Duo implemented a cloud-native architecture relying on scalable services, load balancing, and geographically distributed data centers to provide high-availability authentication. The platform interoperated with standards such as SAML 2.0, OAuth 2.0, OpenID Connect, and RADIUS to connect with identity providers and legacy VPNs like Cisco AnyConnect. Duo's mobile-first approach utilized SDKs for iOS and Android client integration and supported hardware token vendors including Yubico. The company embraced cryptographic practices aligned with recommendations from organizations like the National Institute of Standards and Technology and participated in industry groups such as the FIDO Alliance to advance passwordless and phishing-resistant authentication methods. Infrastructure automation and continuous deployment workflows drew on tools and practices common within DevOps-oriented firms and platform providers such as HashiCorp and Kubernetes-based orchestration projects.

Security and compliance

Duo pursued compliance attestations and certifications to meet requirements for regulated industries, aligning with standards such as SOC 2, ISO/IEC 27001, and frameworks referenced by HIPAA-covered entities and PCI DSS environments. The company published security whitepapers and operated a vulnerability disclosure program to engage researchers from communities including Bugcrowd and HackerOne-style initiatives; Duo collaborated with incident response teams at organizations like Mandiant and auditors from firms such as Deloitte during assessments.
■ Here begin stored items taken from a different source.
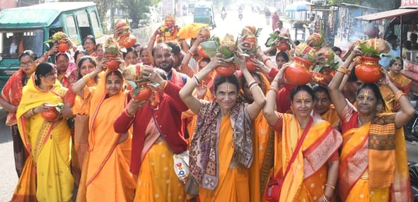 योजना कॉलोनी सेक्टर-ए सीतापुर मार्ग स्थित बाबा विश्वनाथ मंदिर से बुधवार को कलश यात्रा धूमधाम से निकाली गई।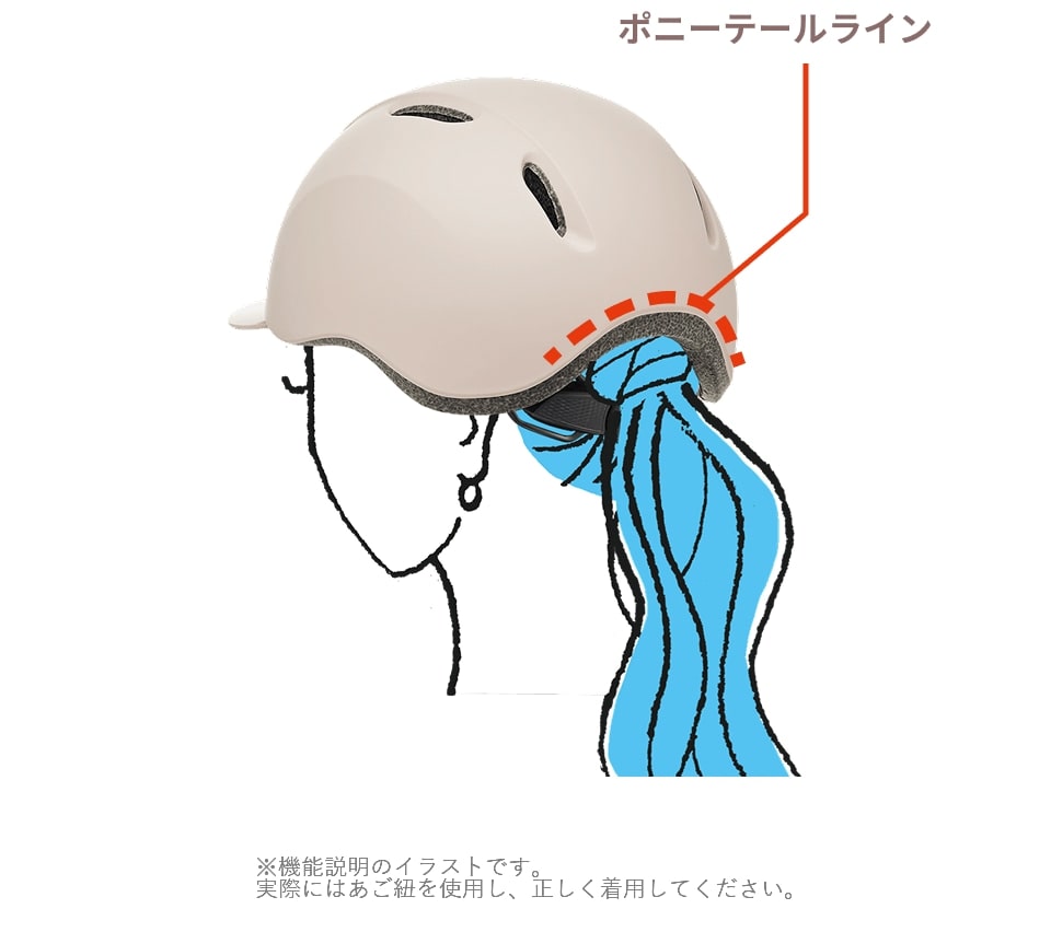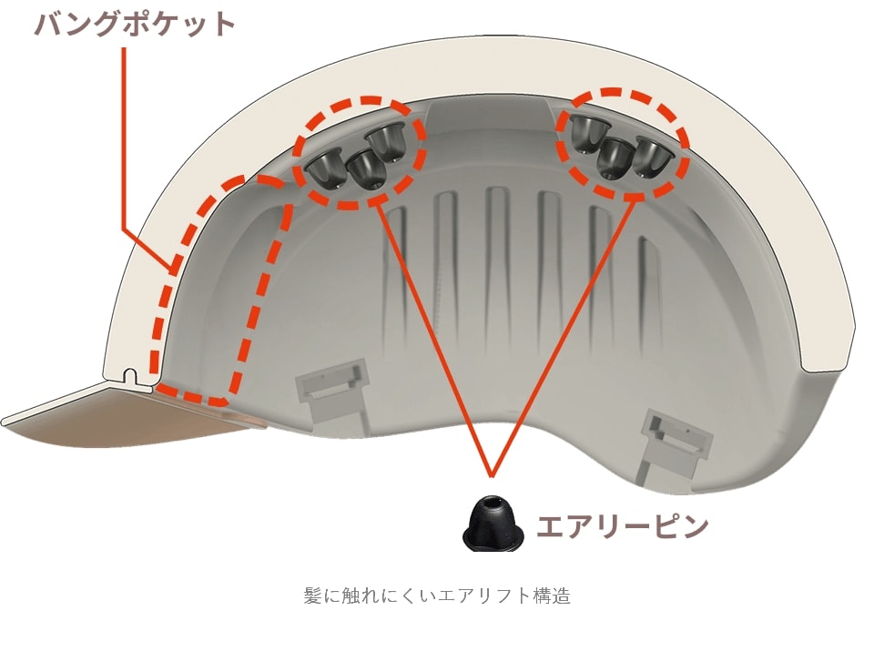 前髪を押さえつけない「バングポケット」と、ヘルメットと頭の隙間を生む12個の「エアリーピン」が髪をふんわりと支えます。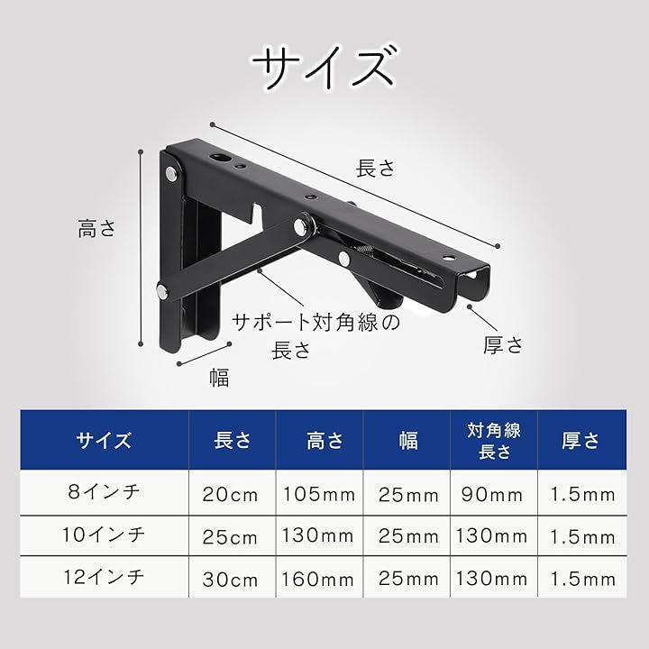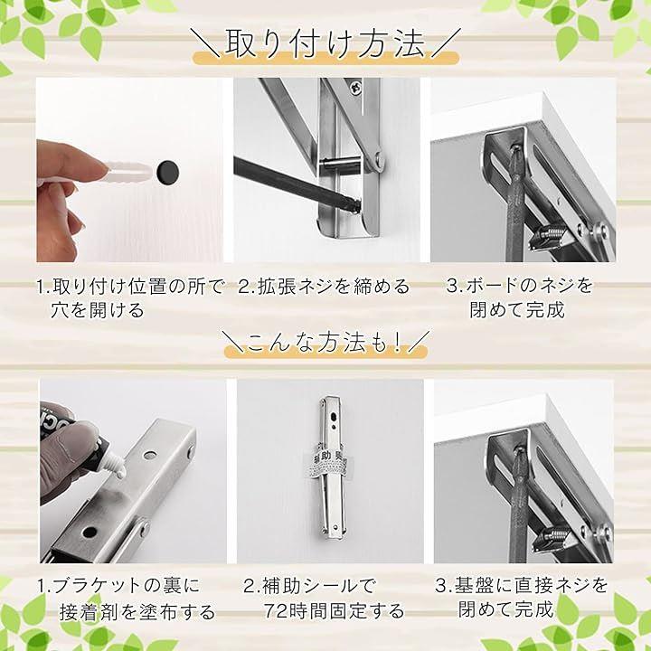 スペースセーバー 取り付けは簡単なネジで完了し、L型折りたたみ設計で、使わないときはレバーを押すだけで折りたたんで省スペースに収納可能な棚受け金具 折畳み式です。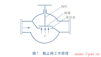 供熱管道上常用的大口徑閥門(mén)有金屬硬密封蝶閥、閘閥、截止閥,通常DN 200mm及以下口徑的閥門(mén)宜采用截止閥,DN 250~600mm口徑宜采用閘閥,DN 700mm及以上口徑宜采用多層金屬硬密封蝶閥。對(duì)于0.6MPa以下的供熱管道,截止閥的口徑可用到DN 400mm。這是由于對(duì)于同等口徑的閥門(mén),截止閥的密封面積最大,密封面積越大,閥門(mén)就越耐用,因此盡可能采用截止閥。但截止閥的缺點(diǎn)是作用在閥瓣上的壓力p所產(chǎn)生的力直接作用在閥桿的軸向上(見(jiàn)圖l),閥門(mén)的口徑越大,作用在閥桿軸向上的推力越大,因此,截止閥的口徑不宜過(guò)大。市場(chǎng)上也沒(méi)有很大口徑的截止閥。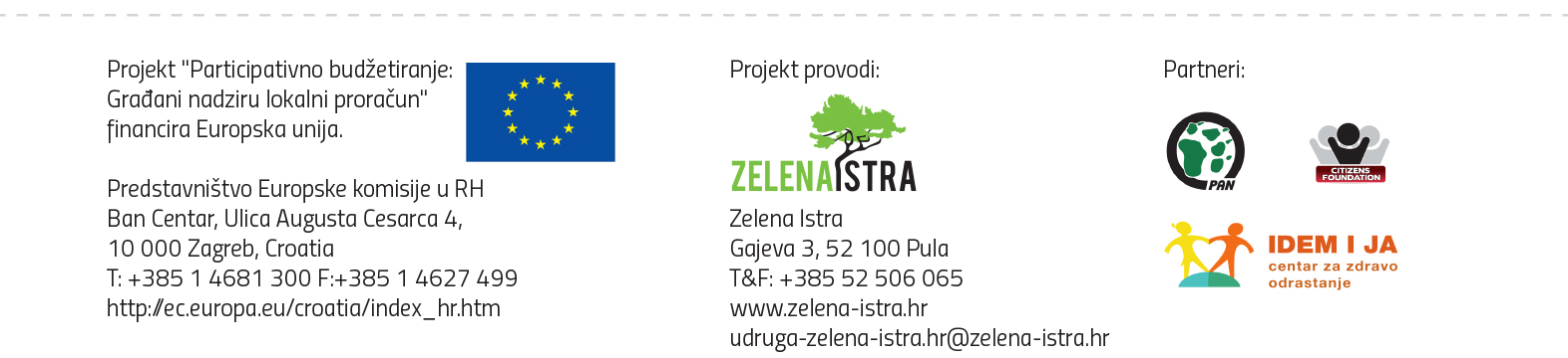 Glavni cilj ovog projekta jest omogućiti građanima Pule, Malog Lošinja i Karlovca informirano i aktivno sudjelovanje u donošenju gradskog proračuna te nadzoru nad njegovim izvršenjem. Zato ćemo u sklopu projekta “Participativno budžetiranje: građani nadziru lokalni proračun” pokrenuti tri inovativne internetske stranice za prikupljanje proračunskih prijedloga građana Pule, Karlovca i Malog Lošinja. Ove će stranice omogućiti argumentiranu raspravu o proračunskim prijedlozima na vrlo jednostavan način te će građani moći glasati i dijeliti putem društvenih mreža prijedloge koje podržavaju. Prijedlozi građana koji osvoje najveću podršku bit će definirani kao proračunski prioriteti te će ih partnerske udruge proslijediti na očitovanje lokalnim vlastima. Na ovaj način građani će dobiti povratne informacije o prioritetnim prijedlozima koji će biti uvršteni u prijedlog proračuna. Budući da konstruktivna participacija iziskuje aktivno, informirano i educirano građanstvo te kako bi prijedlozi građana bili što kvalitetniji, izradit ćemo i proračunske vodiče za građane te organizirati javne prezentacije gradskih proračuna, gdje će biti predstavljene mogućnosti za sudjelovanje građana u procesu donošenja proračuna.

Encryption of authentication flows, secure storage practices, and audit logging supported client obligations under regional regulations influenced by bodies like the European Union and laws such as the California Consumer Privacy Act.

Market presence and acquisitions

Before and after acquisition by Cisco Systems, Duo maintained a customer base spanning startups to Fortune 500 companies in sectors including Financial institutions, Healthcare in the United States, and Higher education. The acquisition expanded Cisco's portfolio alongside other security assets from transactions involving companies like OpenDNS and aligned with vendor consolidation trends reported across the Cybersecurity market. Strategic partnerships and channel relationships leveraged resellers and managed service providers including Deloitte, Accenture, and systems integrators serving cloud migrations to Amazon Web Services and Microsoft Azure.

Reception and criticism

Duo received recognition in industry coverage from outlets such as TechCrunch, Wired (magazine), and analyst firms like Gartner for its ease of deployment and usability in multi-factor scenarios. Security researchers and enterprises praised Duo's push-based authentication for reducing phishing risk compared with SMS-based methods, mirroring recommendations from NIST and the FIDO Alliance. Criticism included debates over vendor lock-in and concerns about cloud-dependency raised by infrastructure teams managing on-premises legacy systems such as RADIUS-based VPN concentrators; other observers compared pricing and feature sets against competitors like Okta, Ping Identity, and Microsoft Azure Active Directory. There have been community discussions about centralized identity services and resilience in face of outages impacting services from major cloud providers like Amazon Web Services and Google Cloud Platform.